Anna has taken the concept of forest gardening and created a beautiful, engaging resource to teach and empower us to design perennial based foraging gardens where humans and non-human beings in nature can flourish. Her decades of knowledge and experience of connecting people with natural environment through garden design shines through every chapter of this very accessible book.

The Forager’s Garden takes us through a simple design process to grow ecological, wildlife abundant gardens. It’s a book about planting whole ecosystems on any scale, for community, private and guerrilla gardening projects. Anna’s work isn’t designed to compete with traditional vegetable and fruit growing but to compliment it. Yes, we could redesign whole gardens or community plots as foraging ones, but equally, creating small perennial plant spaces in gardens with annual edible or flower growing areas too, can also develop conditions for nature, (including humans), to thrive.

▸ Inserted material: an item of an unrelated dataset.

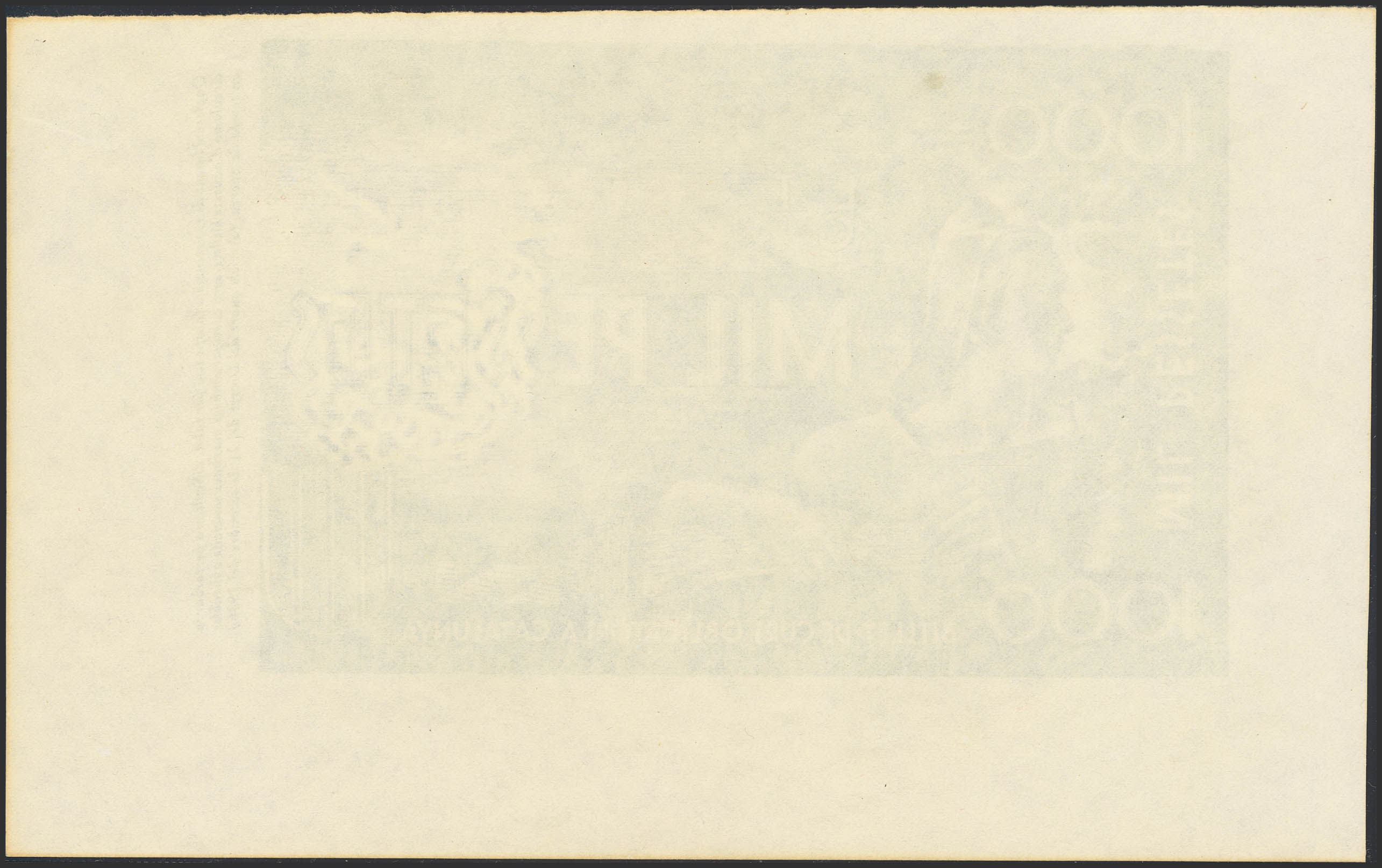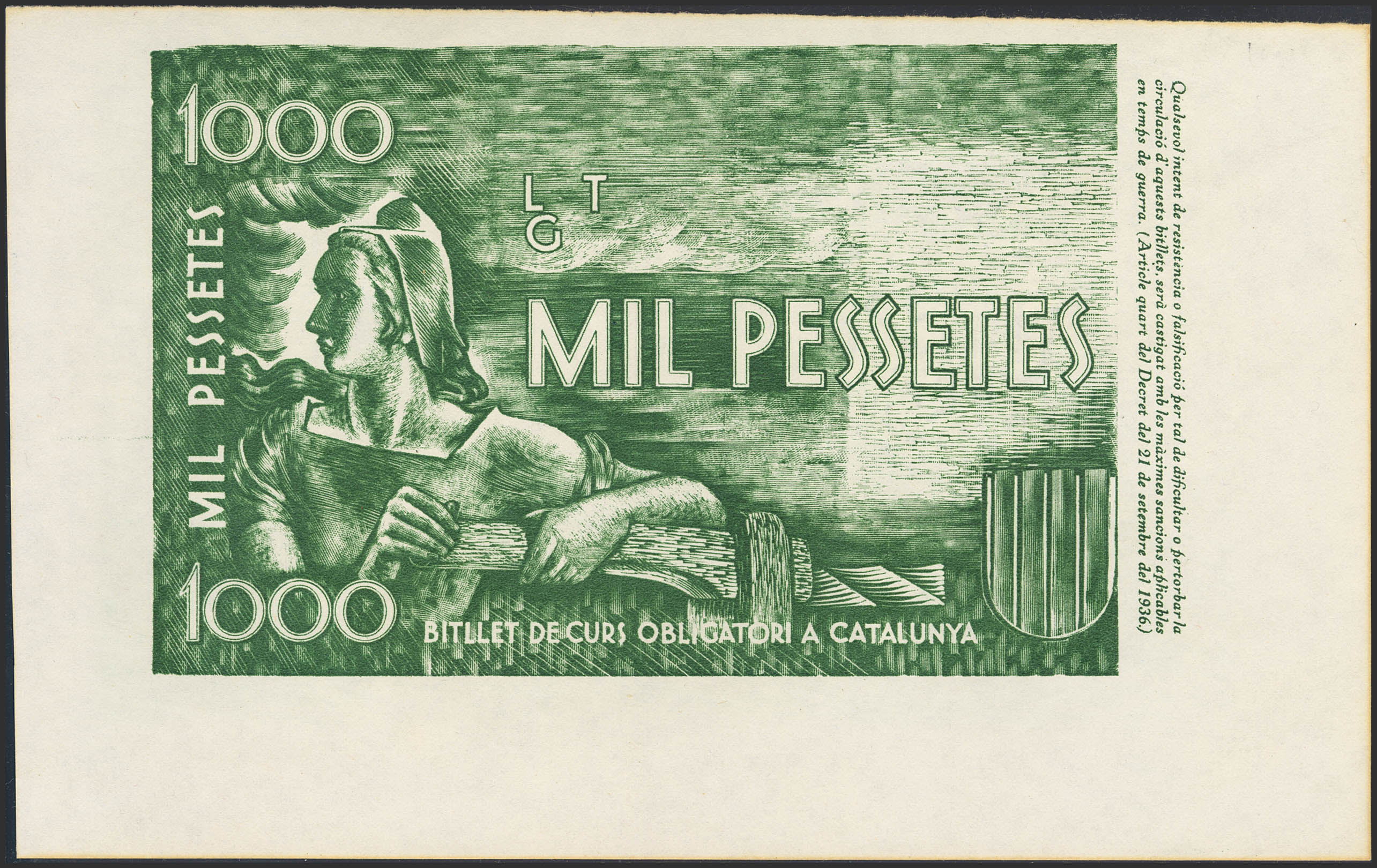 Prueba de anverso en color verde de un billete No Emitido de la Generalitat de Catalunya de 1000 Pesetas (billete emitido privadamente, sin respaldo legal). SC-.

With clear, jargon free text, gorgeous illustrations, diagrams and photos alongside regular prompts for applying the information presented in each chapter to our own garden design, this book will suit gardening novices alongside those of us who like to learn and learn again especially from new authors and artists.

The Forager’s Garden leans to a focus on UK climate and includes chapters on; Defining what a foraging garden is; Designing for resilience and long term; How to plan your garden; Information for beginner gardeners; The benefits of including diversity in the different elements of garden creation; The use of trees in a forager’s garden; Embracing the use of plant guilds; The creation of ecological stability and abundance through creating multiple layers in a garden; Plant choices, Implementing and maintaining your garden design; How perennial focused foraging gardens or spaces in gardens, can be used in different spaces, for example, allotments, container gardening and gardening undercover or on windowsills. The book also contains an excellent “Plant finder” with lots of clear information about many common and some less so, plants that can be used to create a beautiful, successful garden space to forage from.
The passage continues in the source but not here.